- What is being asked
Entries below include pictures. Output exactly the lines from the one with "soft green mist" down to the one with "商品名:突っ張り ウォールラック 〔", both ends included, and leave the pictures out.

--- Data for the task ---

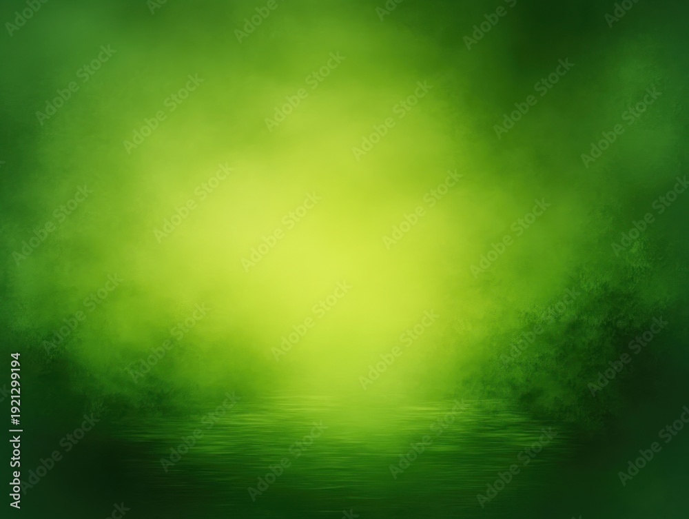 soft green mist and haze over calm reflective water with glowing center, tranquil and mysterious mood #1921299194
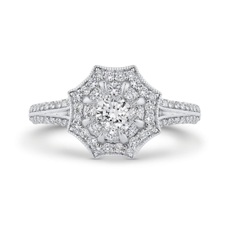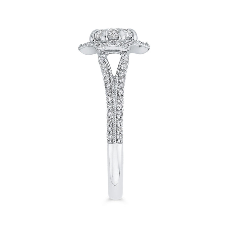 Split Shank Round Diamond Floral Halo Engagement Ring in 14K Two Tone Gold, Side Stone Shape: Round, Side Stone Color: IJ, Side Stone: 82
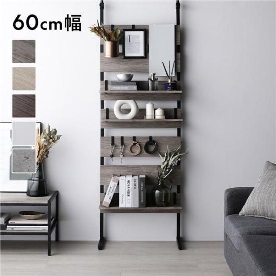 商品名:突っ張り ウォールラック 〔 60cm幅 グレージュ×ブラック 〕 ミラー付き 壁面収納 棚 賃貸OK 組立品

---
--- Data for the task ---

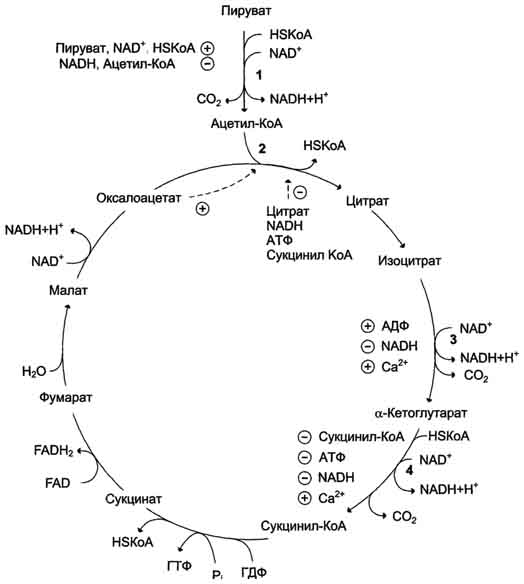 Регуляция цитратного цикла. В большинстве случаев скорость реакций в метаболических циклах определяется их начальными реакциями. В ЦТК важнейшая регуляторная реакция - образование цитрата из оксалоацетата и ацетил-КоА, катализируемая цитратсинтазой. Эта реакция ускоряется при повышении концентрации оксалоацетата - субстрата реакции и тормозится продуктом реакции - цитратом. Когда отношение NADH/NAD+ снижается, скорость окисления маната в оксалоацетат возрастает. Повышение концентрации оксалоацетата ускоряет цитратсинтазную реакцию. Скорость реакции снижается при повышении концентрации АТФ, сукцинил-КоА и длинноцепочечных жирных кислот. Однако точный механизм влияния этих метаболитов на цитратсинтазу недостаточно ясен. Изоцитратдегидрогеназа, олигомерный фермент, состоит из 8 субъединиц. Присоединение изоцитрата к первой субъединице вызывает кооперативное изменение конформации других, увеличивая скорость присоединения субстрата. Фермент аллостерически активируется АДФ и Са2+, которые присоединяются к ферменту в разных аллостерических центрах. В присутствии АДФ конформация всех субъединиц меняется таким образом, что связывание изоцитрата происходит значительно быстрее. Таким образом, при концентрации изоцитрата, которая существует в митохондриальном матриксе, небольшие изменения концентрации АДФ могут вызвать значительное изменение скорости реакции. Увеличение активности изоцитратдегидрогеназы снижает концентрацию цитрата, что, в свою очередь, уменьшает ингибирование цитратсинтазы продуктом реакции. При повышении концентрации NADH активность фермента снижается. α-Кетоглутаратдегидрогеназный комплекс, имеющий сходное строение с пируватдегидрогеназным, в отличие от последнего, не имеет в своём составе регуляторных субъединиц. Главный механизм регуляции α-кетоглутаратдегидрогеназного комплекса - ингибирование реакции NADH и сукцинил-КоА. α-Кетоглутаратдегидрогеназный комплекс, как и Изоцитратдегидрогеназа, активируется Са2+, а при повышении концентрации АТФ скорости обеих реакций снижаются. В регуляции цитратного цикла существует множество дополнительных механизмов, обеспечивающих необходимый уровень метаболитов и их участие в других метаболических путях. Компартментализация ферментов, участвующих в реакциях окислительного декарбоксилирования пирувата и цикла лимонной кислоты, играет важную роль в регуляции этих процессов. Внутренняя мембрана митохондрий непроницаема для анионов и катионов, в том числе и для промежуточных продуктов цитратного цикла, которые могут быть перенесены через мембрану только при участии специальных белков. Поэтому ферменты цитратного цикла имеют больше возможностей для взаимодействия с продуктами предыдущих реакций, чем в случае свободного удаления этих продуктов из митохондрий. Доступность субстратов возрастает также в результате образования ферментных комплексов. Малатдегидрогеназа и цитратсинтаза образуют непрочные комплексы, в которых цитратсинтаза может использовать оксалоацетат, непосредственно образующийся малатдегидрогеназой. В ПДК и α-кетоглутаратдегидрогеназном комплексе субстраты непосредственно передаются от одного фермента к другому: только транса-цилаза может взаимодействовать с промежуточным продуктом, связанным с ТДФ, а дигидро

---
--- Data for the task ---

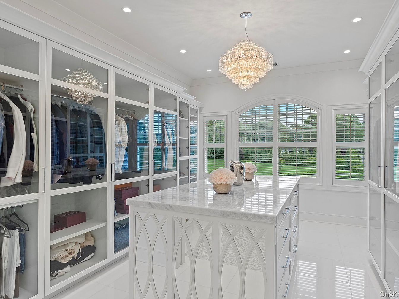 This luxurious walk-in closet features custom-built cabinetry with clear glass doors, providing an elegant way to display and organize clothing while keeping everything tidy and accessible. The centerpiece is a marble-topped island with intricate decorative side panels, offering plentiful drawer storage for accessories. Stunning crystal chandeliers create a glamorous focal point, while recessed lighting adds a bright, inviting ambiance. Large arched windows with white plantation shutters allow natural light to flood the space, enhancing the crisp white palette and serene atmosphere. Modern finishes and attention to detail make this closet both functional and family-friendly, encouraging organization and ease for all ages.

---

- Result of the task
 soft green mist and haze over calm reflective water with glowing center, tranquil and mysterious mood #1921299194
 Split Shank Round Diamond Floral Halo Engagement Ring in 14K Two Tone Gold, Side Stone Shape: Round, Side Stone Color: IJ, Side Stone: 82
 商品名:突っ張り ウォールラック 〔 60cm幅 グレージュ×ブラック 〕 ミラー付き 壁面収納 棚 賃貸OK 組立品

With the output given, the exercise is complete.